Dans un pays où la population est jeune – la moitié des Sud-Africains ont moins de 25 ans –, la faiblesse de la croissance est terrible : elle ne permet pas de créer suffisamment d'emplois ni de faire reculer le nombre des demandeurs d'emploi. Vingt ans après la fin de l'Apartheid, le taux de chômage des Sud-Africains reste directement corrélé, selon les statistiques officielles, à l'origine ethnique : il est de près de 6 % chez les Blancs, de 22 % chez les Métis et de 35 % chez les Noirs, preuve que les inégalités demeurent extrêmement fortes et que les politiques de discrimination positive, comme le Black Economic Empowerment, ne sont pas à la hauteur de la gravité de la situation.

Le secteur minier (charbon, platine, or, diamant…) reste l'un des principaux piliers de l'économie sud-africaine mais il emploie peu de monde. Le secteur financier, autre point fort de l'Afrique du Sud, qui s'est beaucoup développé ces dernières années, requiert, lui, une main-d'œuvre qualifiée. Comme dans de nombreux pays en développement, il n'y a pas assez d'emplois peu ou pas qualifiés en Afrique du Sud pour répondre aux besoins de la population.

L'industrie minière a perdu en compétitivité. L'ancien modèle de croissance – tourné vers l'exportation de matières premières – n'est plus ce qu'il était, et la demande s'est affaiblie. Sa reprise, récente, n'a pas donné les résultats escomptés du fait d'un mouvement de grève qui dure depuis trois mois dans le secteur du platine.

Ménages surendettés

Quant à la demande intérieure, elle est tout sauf robuste : les ménages, qui perdent du pouvoir d'achat, sont surendettés. Et les entreprises peinent à financer leurs projets au meilleur coût alors que la Banque centrale a augmenté son taux directeur de 50 points de base en janvier à 5,5 %.

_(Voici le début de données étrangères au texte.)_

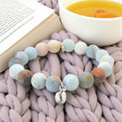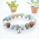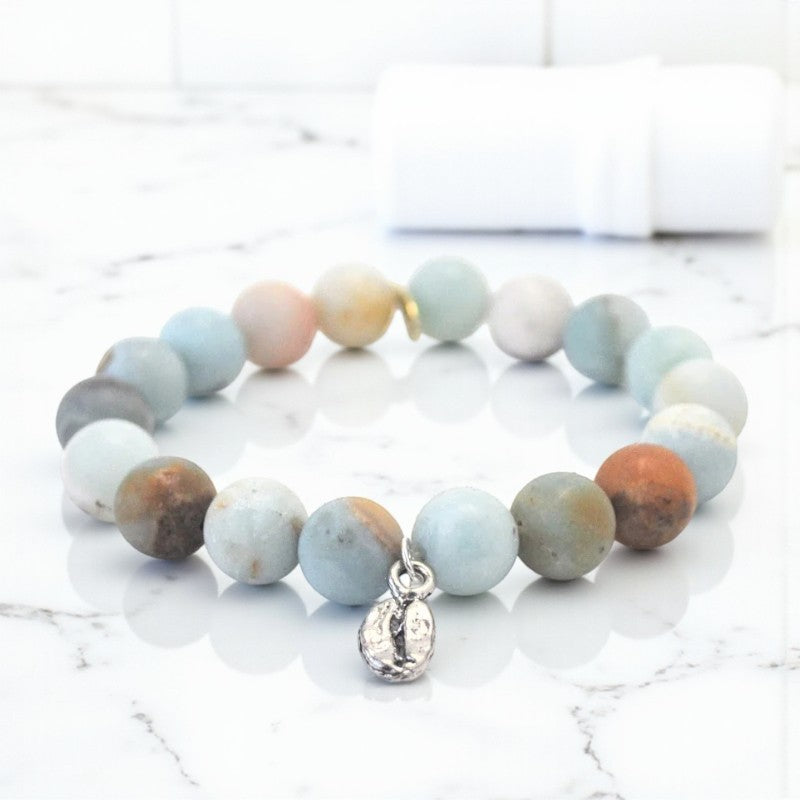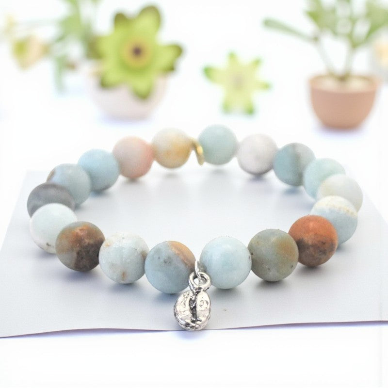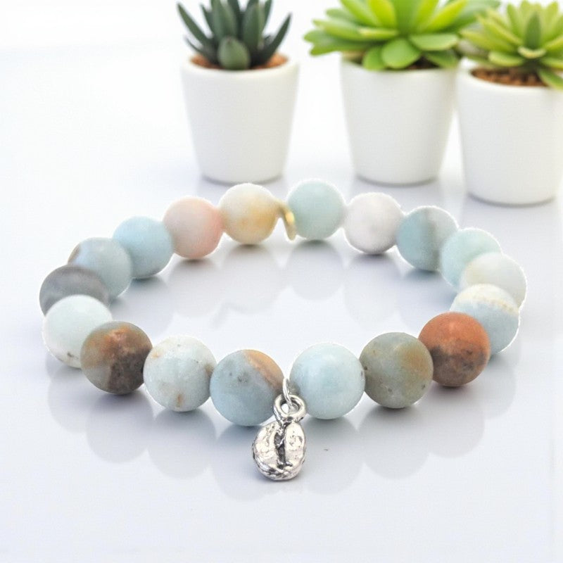 Embrace the soothing properties of the 10mm matte amazonite bracelet adorned with a silver coffee bean charm. Each bracelet is a unique piece crafted to bring balance and tranquility to your life. The average size is around 7 inches for women and 8 inches for men, strung on a durable clear elastic cord and finished with a natural gold Infinite Warrior charm.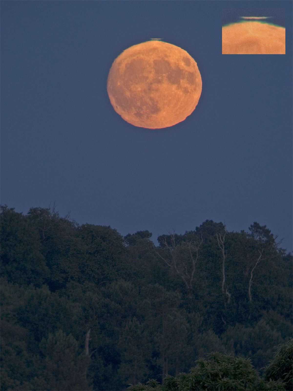 July's Full Moon looks strangely darkened and distorted in this remarkable telescopic view. The image is one of a series recorded when the Moon was very near the horizon. The long sight-line through a turbulent atmosphere gives rise to the tantalizing optical effects, including the thin "mirage" shape that seems to float just above the Moon's upper edge. Also seen (more easily in the inset), along the Moon's upper edge is a noticeable green rim. Substantial atmospheric refraction produces this prism-like effect -- related to the more commonly witnessed green flash of the setting Sun. Careful inspection of the full image reveals a corresponding red rim along the lower edge, another intriguing signature of atmospheric refraction.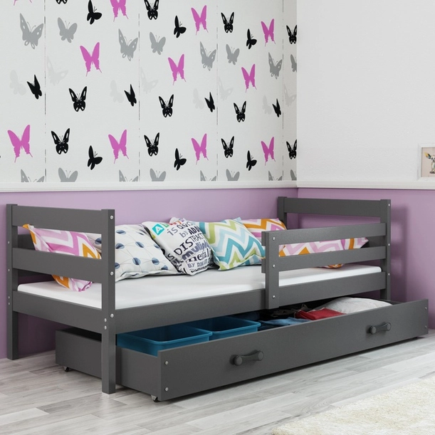 Pojedyncze łóżko młodzieżowe ERYK 90x190 z szufladą, grafitowe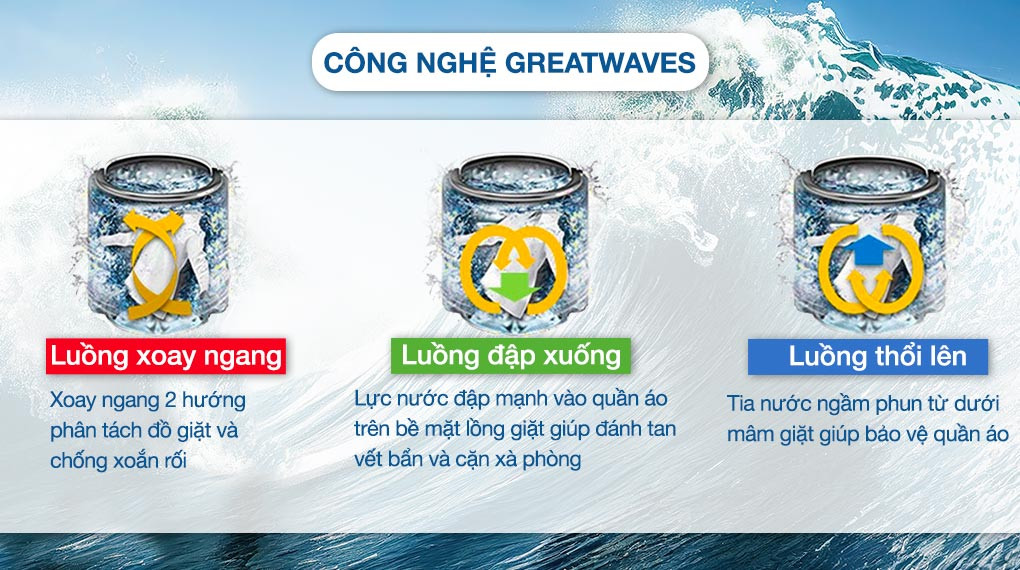 - Công nghệ Greatwaves: với sự kết hợp 3 luồng nước cùng các tia nước tạo ra từ lỗ phun của máy giặt Toshiba, thiết bị kiến tạo luồng nước siêu mạnh giúp phân tách quần áo, chống xoắn rối, loại bỏ vết bẩn, cặn xà phòng, giúp giặt sạch và bảo vệ chất liệu vải.

Le déficit courant, alimenté par le doublement du déficit commercial, s'est creusé pour atteindre 5,8 % du PIB en 2013. Cette augmentation pèse sur le Rand, qui s'était fortement déprécié au printemps 2013, après l'annonce d'un possible resserrement de la politique monétaire américaine. La devise nationale s'est reprise depuis.

La situation des finances publiques s'est détériorée avec la crise : le déficit budgétaire, que les autorités veulent ramener à 2,8 % du PIB d'ici à 2016-2017, est de 4 % et la dette a augmenté d'un tiers en cinq ans. Améliorer les comptes publics sera difficile : l'assiette fiscale est très étroite. A peine 12 % des Sud-Africains sont assujettis à l'impôt sur le revenu alors que 15,8 millions d'entre eux, sur un total de 52 millions, touchent des prestations sociales. C'est une des raisons pour lesquelles la notation du pays avait été dégradée en 2012.